• **Problem**
Both ends included, restate word for word the lines from the first line of the listing through the line containing "Tagliare i cioccolatini". Leave the pictures out.

• **The data**
- Opening Delimiter -
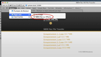 Nous avons utilisé le logiciel «RØDE Rec» lors de nos enregistrements (http://www.rodemic.com/software/roderec). Cette application IOS possède une facilité de partage de fichier sur réseau. Dès l’instant que l’iPhone est connecté à un réseau WIFI, le navigateur d’un autre ordinateur (portable ou de bureau) connecté à ce même réseau s’offre la possibilité de lister le contenu du répertoire regroupant les fichiers générés par l’application «RØDE Rec». Ceci est de loin la procédure la plus pratique et la plus directe; les étapes sont les suivantes :
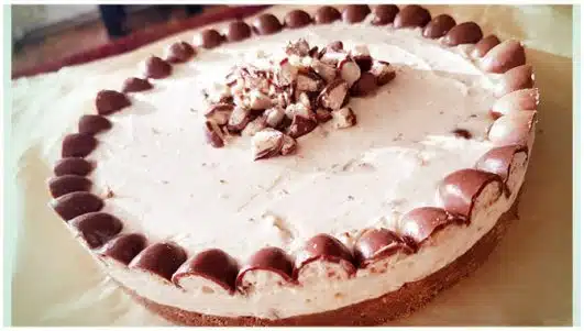 Tagliare i cioccolatini a metà e guarnire la torta.
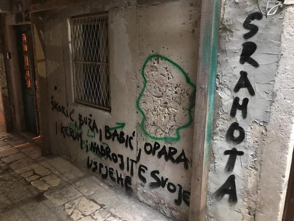 Na obližnjim zidovima netko je ispisao poruke konzervatorima i gradskoj vlasti. Pozivaju ih da nabroje vlastite uspjehe. Osim Radoslava Bužančića koji je izdao nalog za uklanjanje murala Jugoplastici, prozvan je i gradonačelnik Andro Krstulović Opara, Željko Kerum, Petar Škorić i Damir Babić.
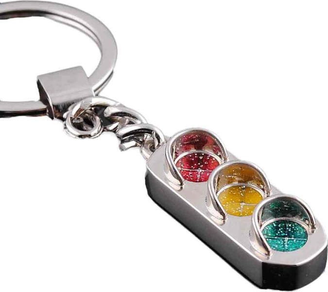 Fémből készült jelzőlámpa formájú kulcstartó.
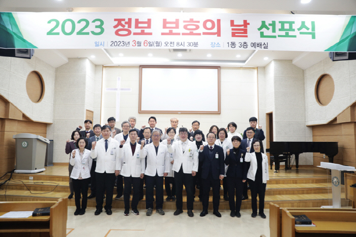 이날 선포식에 참여한 교직원은 ▲공개된 장소에서 개인정보 대화 하지 않기 ▲환자 개인정보 공용전산망 혹은 공개장소에 노출하지 않기 ▲컴퓨터 로그인 암호설정 및 환자 정보 출력물은 반드시 파쇄하기 ▲개인정보 포함된 서류와 저장매체 보관시에는 비밀번호 설정 및 시건장치로 관리하기 ▲아이디와 비밀 타인과 공유하지 않기 등에 대한 서약을 진행했다.
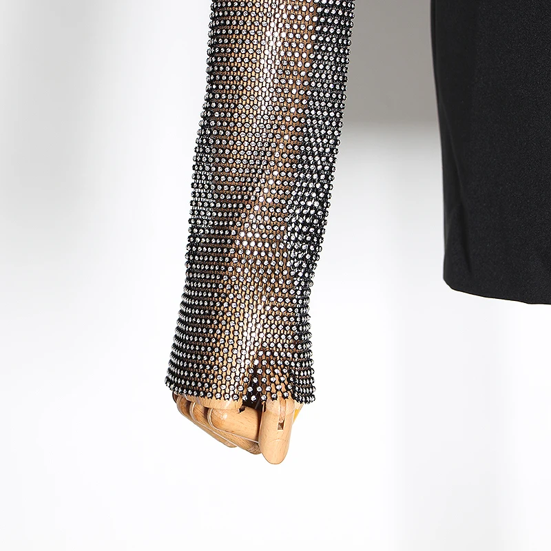 New Chic Fashion Bling Sleeve Diamond Embroidery Blazer Woman Black Solid Streetwear Fashion Long Jacket Female 2019 AutumnBuy Now On Aliexpress
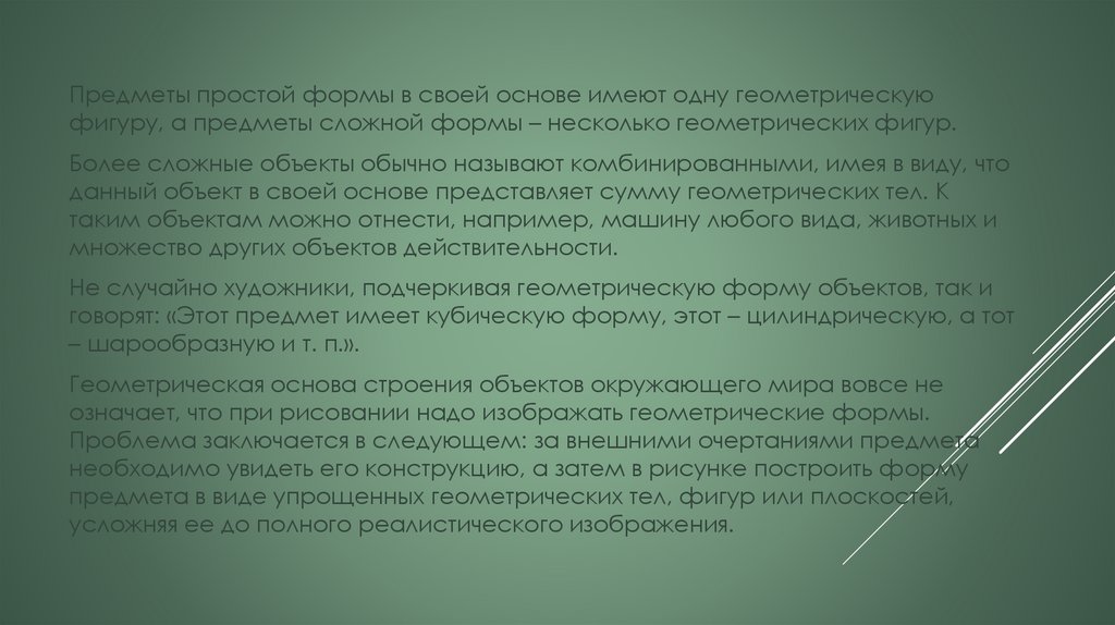 Предметы простой формы в своей основе имеют одну геометрическуюфигуру, а предметы сложной формы – несколько геометрических фигур.
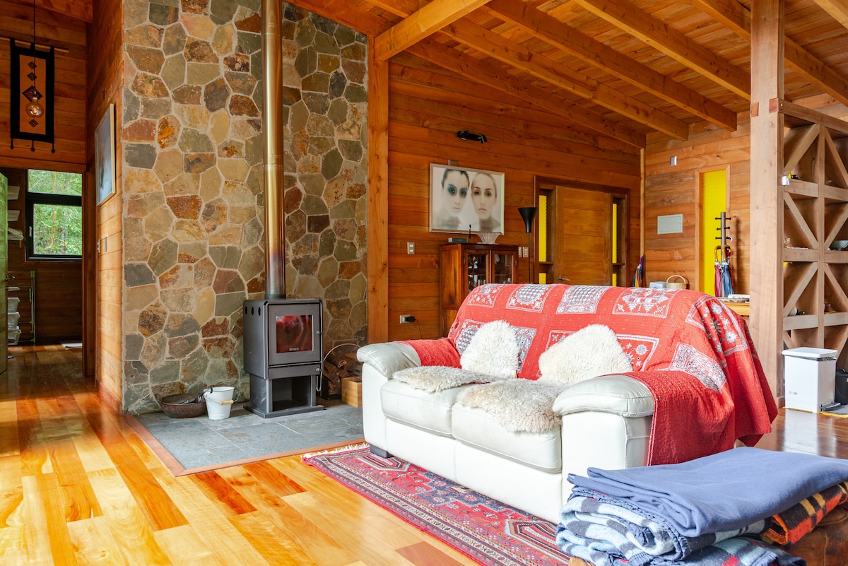 Opustite se u ovom jedinstvenom i mirnom smještaju s veličanstvenim pogledom na vulkan Villarica. Pristup svim vrstama vozila. Brvnara je nova i veoma kvalitetna, opremljena svime. Njihov boravak uključuje korišćenje naše privatne saune u šumi pored potoka. Lokacija je udaljena 18 km od Pukona, 1 km od Ojos de Caburgua. To je savršeno mjesto za uživanje u čistoj prirodi, uključujući više od 25 vrsta ptica. Takođe je idealan za bijeg od grada i rad na daljinu.
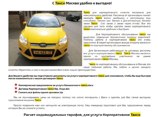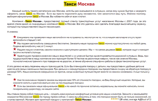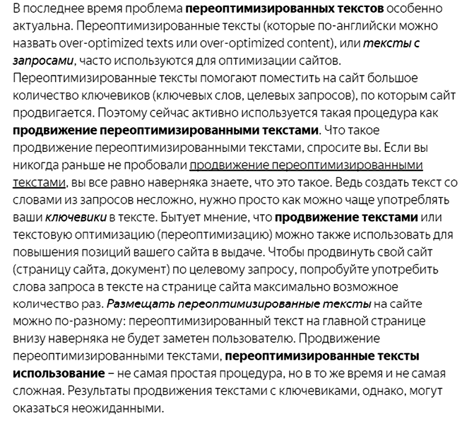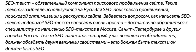 Вот так выглядит текст реального сайта, который недавно попал под фильтр «Баден-Баден»:
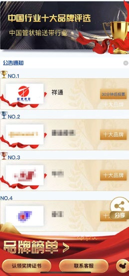 本刊訊 :品牌是一個企業(yè)無形的資產,也是一個公司實力與地位的象征。臨近年末歲尾,山東祥通橡塑科技公司喜報頻傳:繼祥通牌輸送帶榮獲“山東省優(yōu)質產品”后,祥通品牌又榮獲“2019年度中國管狀輸送帶十大品牌第一名”。2020 年 1 月 21 日,中國品牌網公布了由該網主辦經過近兩個月面向全國消費者和廣大廠商的網上投票麟選出的中國管狀輸送帶行業(yè)的最終評選結果,祥通品牌從近100 個參選品牌中脫穎而出,以638797 票榮獲“中國管狀輸送帶行業(yè)十大品牌第一名”。還是常言說的好:金杯銀杯,不如老百姓的口碑。 這標志著祥通品牌建設又邁上一個新的臺階。
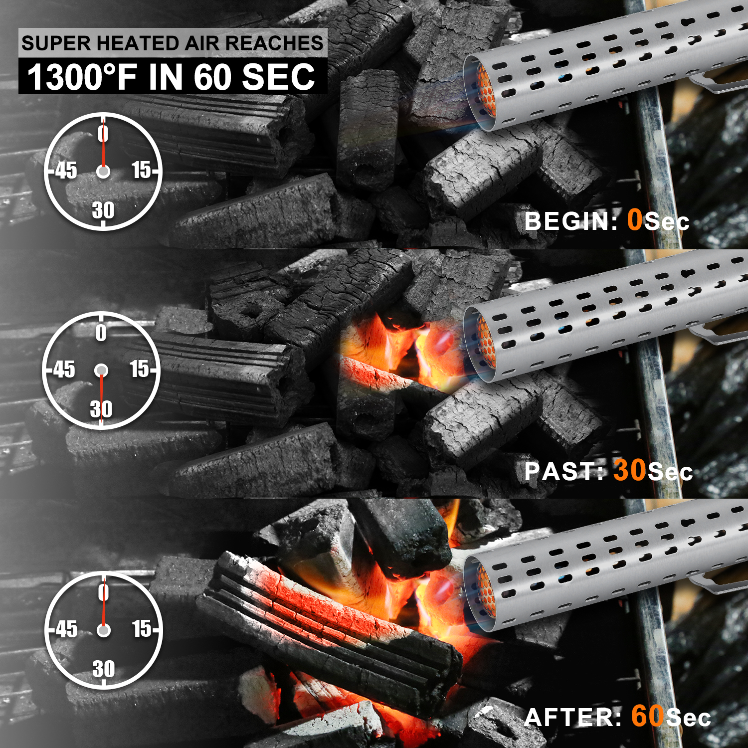 Быстрота: пусковой вентилятор для древесного угля нагнетает перегретый воздух, который достигает температуры 1200°F за 60 секунд и быстро разжигает огонь
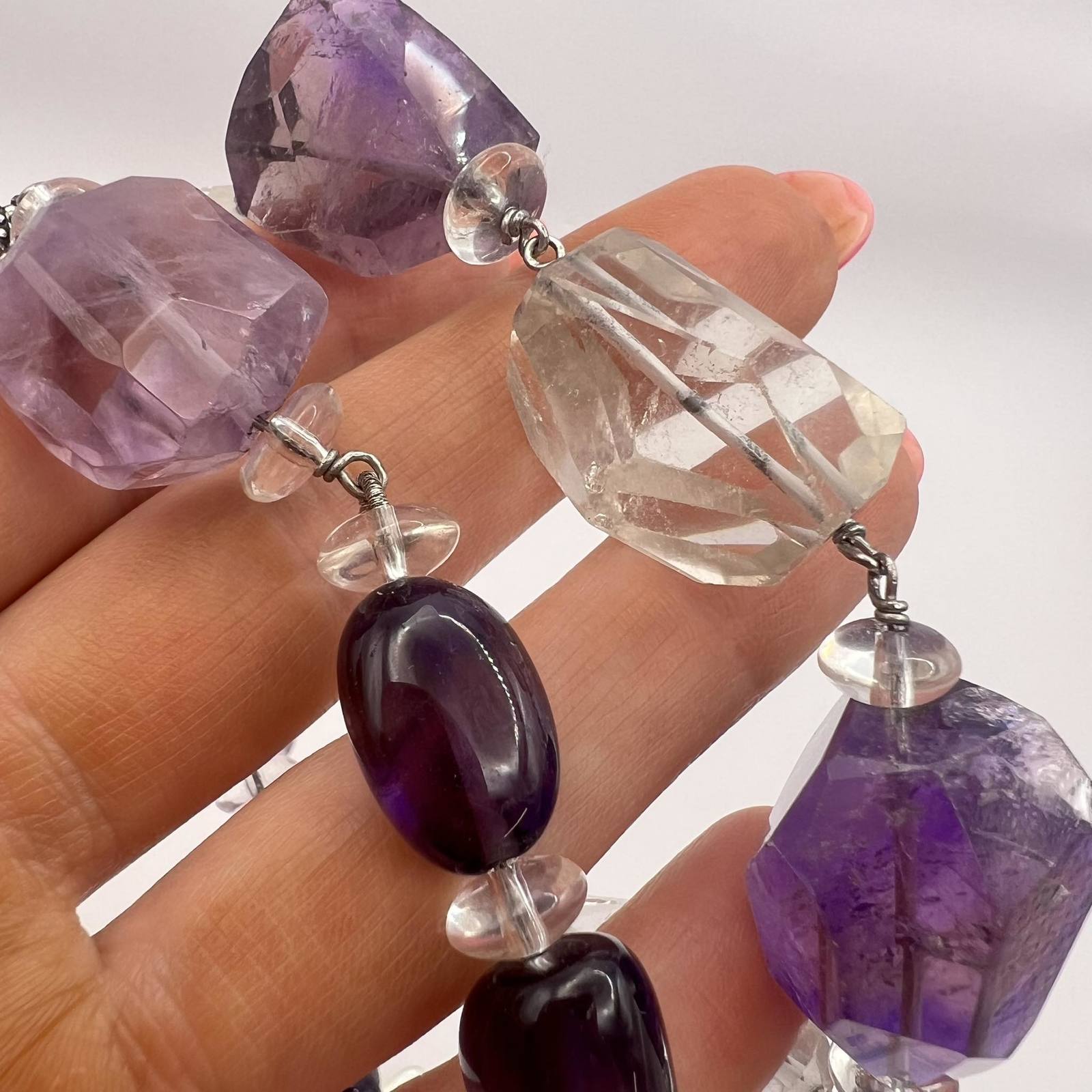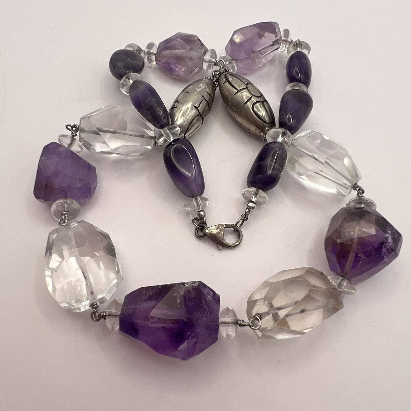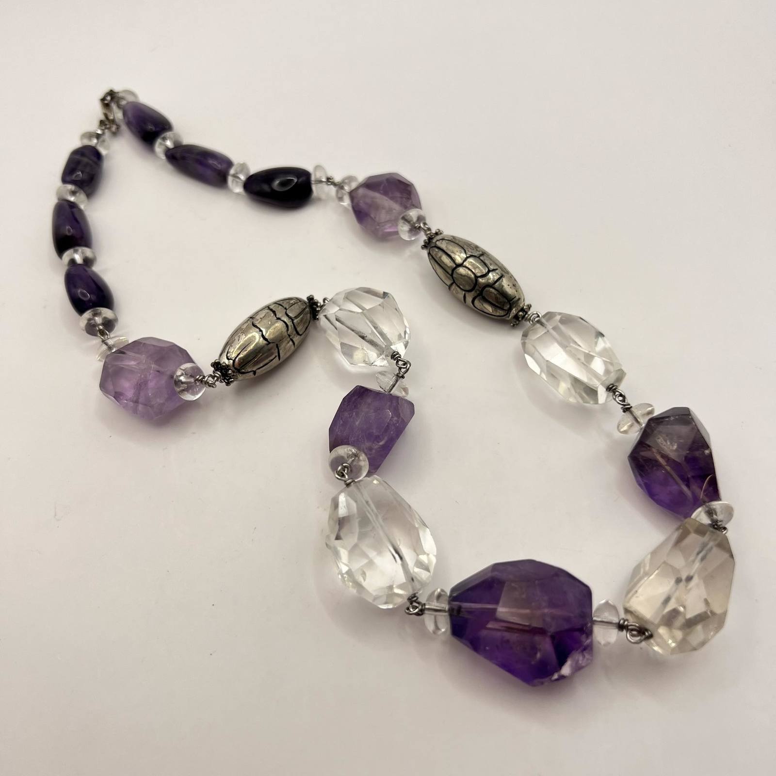 Unusual Vintage Sterling Silver 925 Womens Jewelry Necklace Beads Natural Amethyst
- Closing Delimiter -
• **Solution for this problem**
 Nous avons utilisé le logiciel «RØDE Rec» lors de nos enregistrements (http://www.rodemic.com/software/roderec). Cette application IOS possède une facilité de partage de fichier sur réseau. Dès l’instant que l’iPhone est connecté à un réseau WIFI, le navigateur d’un autre ordinateur (portable ou de bureau) connecté à ce même réseau s’offre la possibilité de lister le contenu du répertoire regroupant les fichiers générés par l’application «RØDE Rec». Ceci est de loin la procédure la plus pratique et la plus directe; les étapes sont les suivantes :
 Tagliare i cioccolatini a metà e guarnire la torta.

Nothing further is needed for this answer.